WHAT IS REQUIRED: Everything from the line that contains "S:Bust:32.3IN,Length:32.3IN,Waist Size:25.6IN" to the final line of the data, both ends included, must be set down exactly, apart from the pictures.

DATASET SECTION:
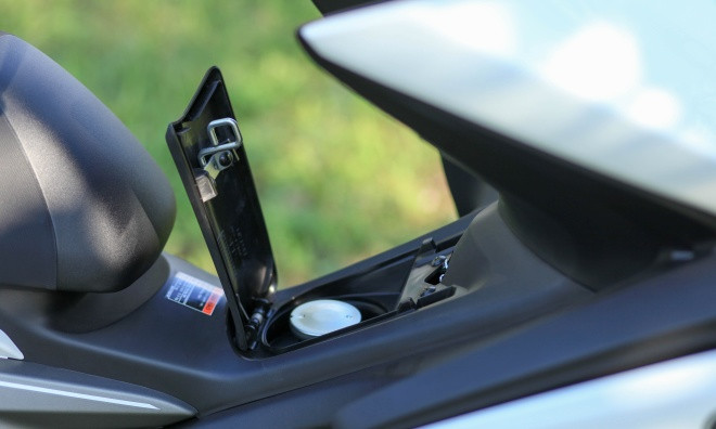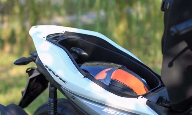 Hộc chứa đồ dưới yên xe có khả năng chứa mũ bảo hiểm cả đầu và nhiều vật dụng cá nhân khác.
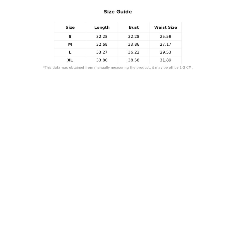 S:Bust:32.3IN,Length:32.3IN,Waist Size:25.6IN
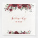 Hochzeitsnapkins mit einem Aquarell-Bouquet aus tiefbordeauxroten Pfannkuchen und grünen Eukalyptus-Grünanlagen, die über Ihren Vornamen und numerischen Datum kaskadieren.

EXERCISE OUTPUT:
 S:Bust:32.3IN,Length:32.3IN,Waist Size:25.6IN
 Hochzeitsnapkins mit einem Aquarell-Bouquet aus tiefbordeauxroten Pfannkuchen und grünen Eukalyptus-Grünanlagen, die über Ihren Vornamen und numerischen Datum kaskadieren.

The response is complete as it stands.